The Bosch, he was told, was on fire.

That’s the name people have used for decades when referring to the former American Bosch manufacturing complex on Main Street at the Springfield-Chicopee line. O’Connell was, and is, part of an investment group known as MSBB, LLC that owned the sprawling, vacant — and uninsured — buildings, and had been exploring a wide variety of development options for the property.

It was an admittedly long-term project that was about to become exponentially more complicated and expensive.

"It was a quick trip back from Boston," Sullivan told BusinessWest, adding that, when he arrived at the scene around 6 p.m., the buildings were fully engulfed.

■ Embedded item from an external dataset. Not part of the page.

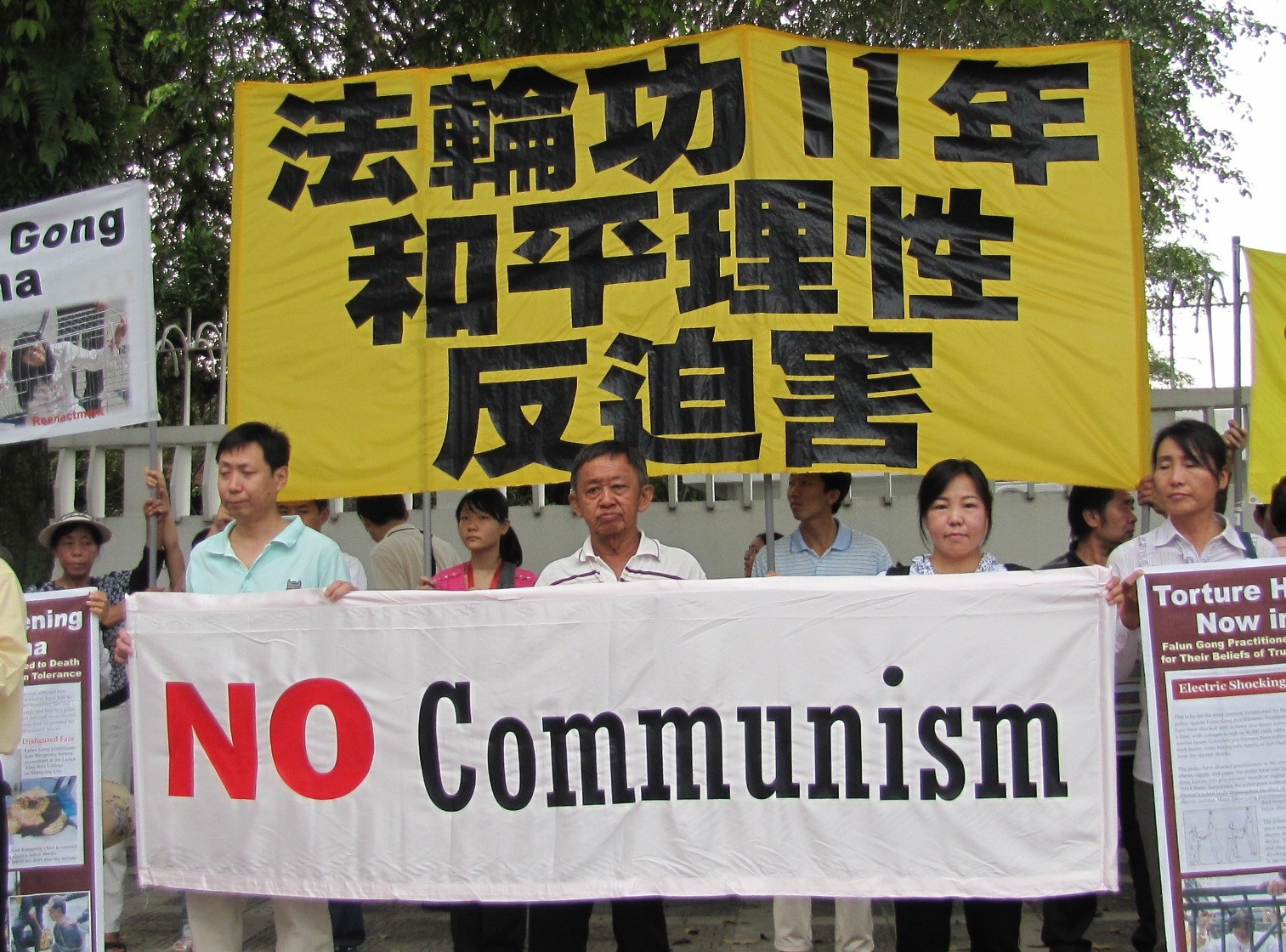 法轮功学员在中共驻马大使馆附近举行七.二零集会

"I stayed until around midnight — I didn’t really know what else to do," he said, adding that he found himself joined on that frigid night by several former employees of the German-based company, which manufactured radios and other products at the Western Mass. facility. "People had tears in their eyes Ö many of them were very emotional; they had many fond memories of the years they spent there."

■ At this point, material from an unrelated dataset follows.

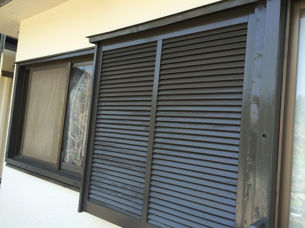 本日は木部、トタン、その他の塗装をマイルドシリコンにて施工いたあしました。今回はアルミサッシのようなブロンズ色での選定になり、コロニアルと合わせて色の感じがかわりました。

Sullivan didn’t cry that night, but no could have blamed him if he did. The fire, which raged throughout the night, effectively gutted the imposing structure, rendering it unfit for any type of development. And, contrary to popular opinion, the blaze, while it has in some ways accelerated the process of developing that nine acres of real estate, has not facilitated it.

"People have come up to me and said, ’I guess this makes your job much easier,’" said Francesca Maltese, development manager at O’Connell who is also involved in the Bosch project. "In fact, the fire makes everything harder, starting with demolition, and it means we’re spending money, and lots of it, when we’re not taking any in."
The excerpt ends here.